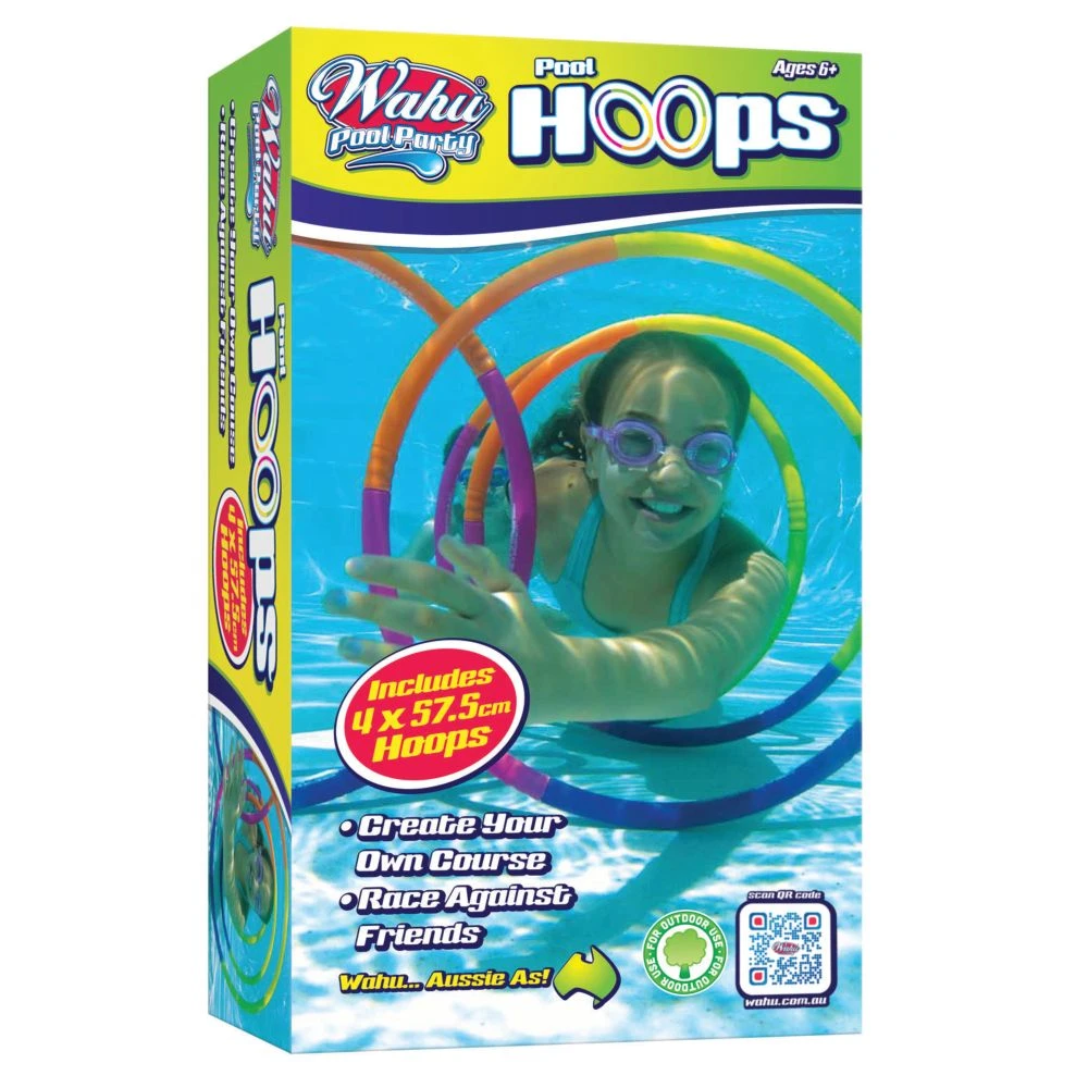 hoops. These hoops will sink to the bottom of the pool and then magically stand upright. Kids will love to swim through a series of hoops as they gain confidence underwater.
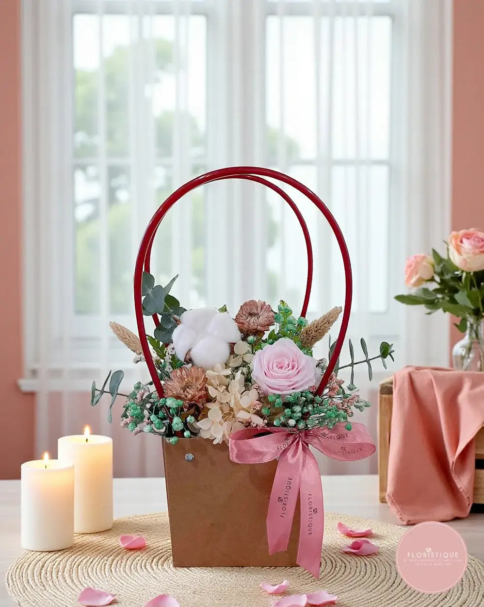 Ideal for birthdays, anniversaries, housewarmings, or as a lasting keepsake, this preserved flower bag is a thoughtful way to convey love and appreciation. Enjoy same-day delivery in Singapore and gift someone a bloom that stays beautiful well beyond the moment.
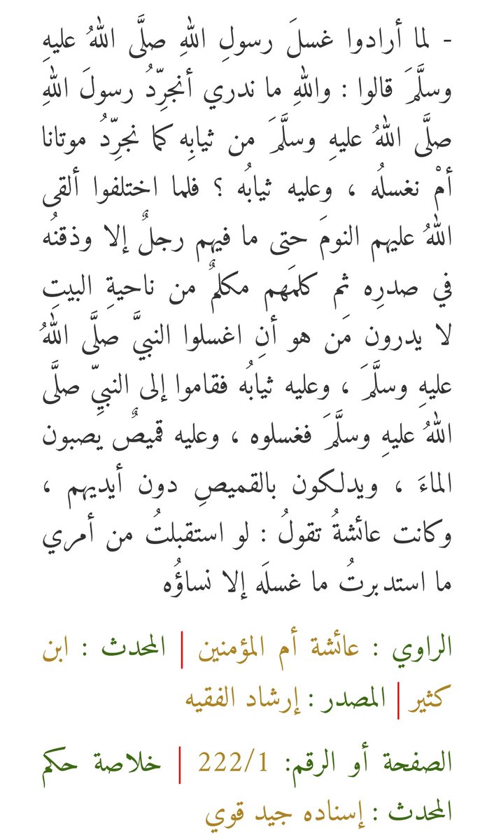 وقع الخلاف بينهم، لأنه أول مرة يموت بين أيديهم نبي، وليسوا كبني إسرائيل الذين كانوا يعيشون بينهم الأنبياء، وأحياناً أكثر من نبي في نفس الوقت، فيحسنون التعامل في هذه المواقف؛ فاختلفوا هل يجردونه من ثيابه أم لا، وفي النهاية غسّلوه في ثيابه عليه الصلاة والسلام.
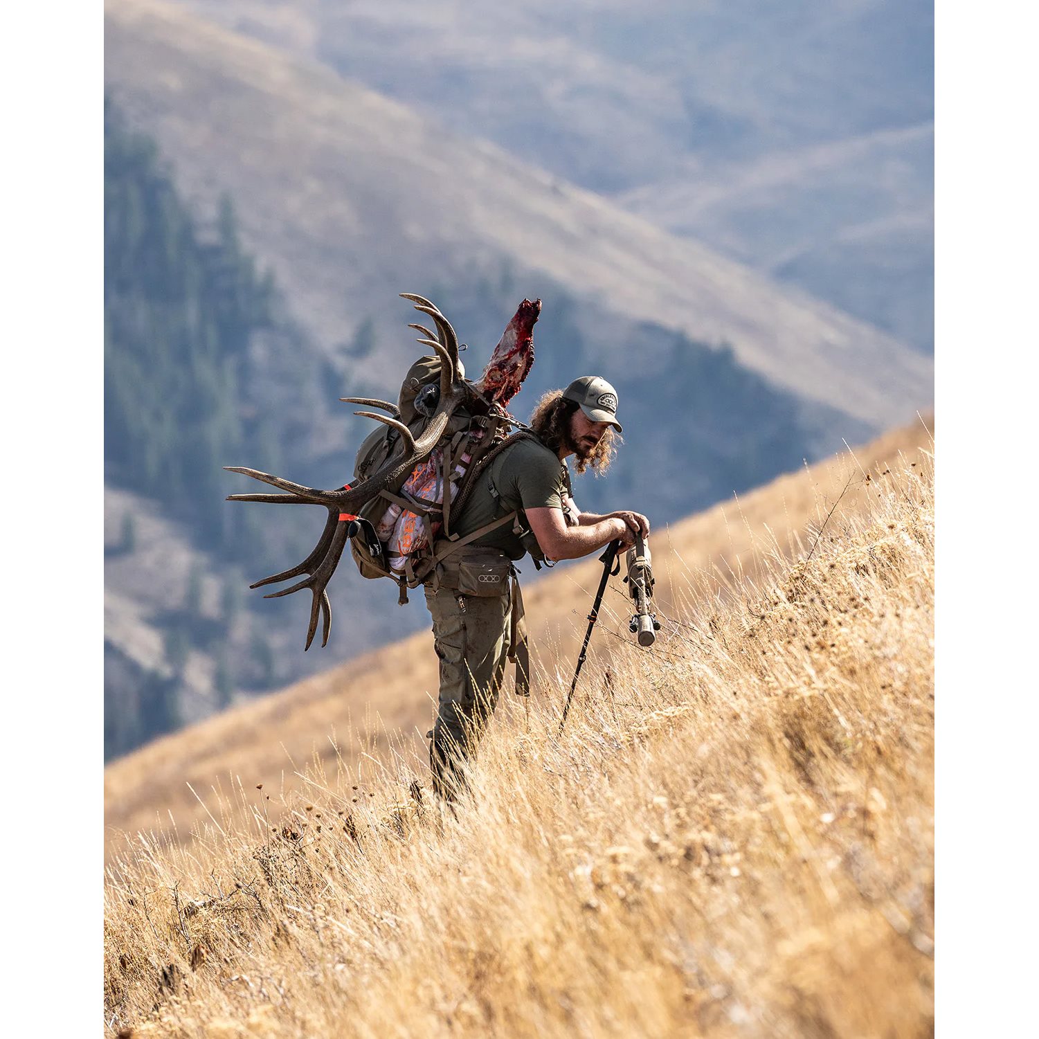 Hliníkový nosný systém je tvarovaný pro maximální oporu zad. V případě potřeby je možné batoh celý odejmout a zádový systém používat samostatně, či v kombinaci s dalším kompatibilním příslušenstvím z produktové řady EMOD HUNT od značky EBERLESTOCK. Ramenní popruhy jsou opatřené stabilizačními dorazy, elastickým hrudním popruhem a je možné je výškově nastavit dle potřeb uživatele. Bederák disponuje opravdu masivním polštářkem pokrytým silikonem, který zabraňuje nechtěnému klouzání batohu při dynamickém pohybu. Boky bederáku jsou také silně polstrované a spínají se pomocí robustní plastové přezky.
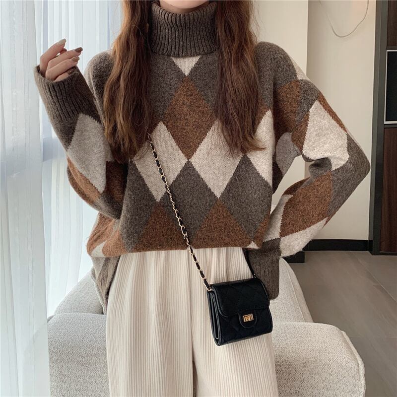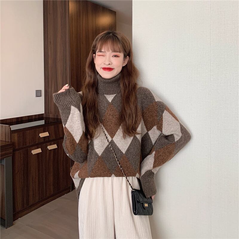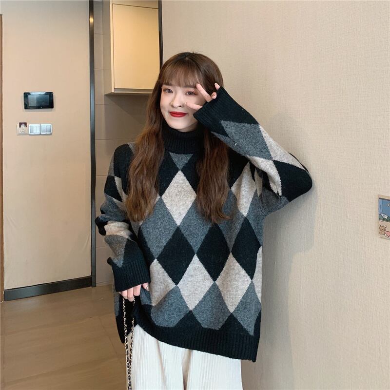 【韓国通販 dgo】retro high neck diamond sweater 3colors(A0544)
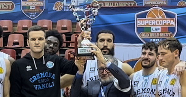 FORLI' - Andrea Pecchia, capitano infortunato, come Travis Diener. Dopo tre anni la Vanoli Cremona torna ad alzare un coppa. Il 17 febbraio 2019 era la Coppa Italia di serie A, ora il valore del trofeo è decisamente meno importante ma dà lustro alla società.
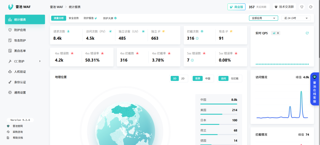 客观来说,雷池社区版的亮点在于其核心引擎——智能语义分析算法。这不同于传统WAF的正则匹配,它能深度解码HTTP负载,精准识别威胁,而误报率低。全球装机超30万台,日处理300亿请求,这数据不是吹的。
:::
• WHAT THE TASK REQUIRES:
Print exactly the lines from the first line of the records above through the line containing "diamond sweater 3colors(A0544)", both included, and leave the pictures out.

• RESPONSE TO THIS EXERCISE:
 hoops. These hoops will sink to the bottom of the pool and then magically stand upright. Kids will love to swim through a series of hoops as they gain confidence underwater.
 Ideal for birthdays, anniversaries, housewarmings, or as a lasting keepsake, this preserved flower bag is a thoughtful way to convey love and appreciation. Enjoy same-day delivery in Singapore and gift someone a bloom that stays beautiful well beyond the moment.
 وقع الخلاف بينهم، لأنه أول مرة يموت بين أيديهم نبي، وليسوا كبني إسرائيل الذين كانوا يعيشون بينهم الأنبياء، وأحياناً أكثر من نبي في نفس الوقت، فيحسنون التعامل في هذه المواقف؛ فاختلفوا هل يجردونه من ثيابه أم لا، وفي النهاية غسّلوه في ثيابه عليه الصلاة والسلام.
 Hliníkový nosný systém je tvarovaný pro maximální oporu zad. V případě potřeby je možné batoh celý odejmout a zádový systém používat samostatně, či v kombinaci s dalším kompatibilním příslušenstvím z produktové řady EMOD HUNT od značky EBERLESTOCK. Ramenní popruhy jsou opatřené stabilizačními dorazy, elastickým hrudním popruhem a je možné je výškově nastavit dle potřeb uživatele. Bederák disponuje opravdu masivním polštářkem pokrytým silikonem, který zabraňuje nechtěnému klouzání batohu při dynamickém pohybu. Boky bederáku jsou také silně polstrované a spínají se pomocí robustní plastové přezky.
 【韓国通販 dgo】retro high neck diamond sweater 3colors(A0544)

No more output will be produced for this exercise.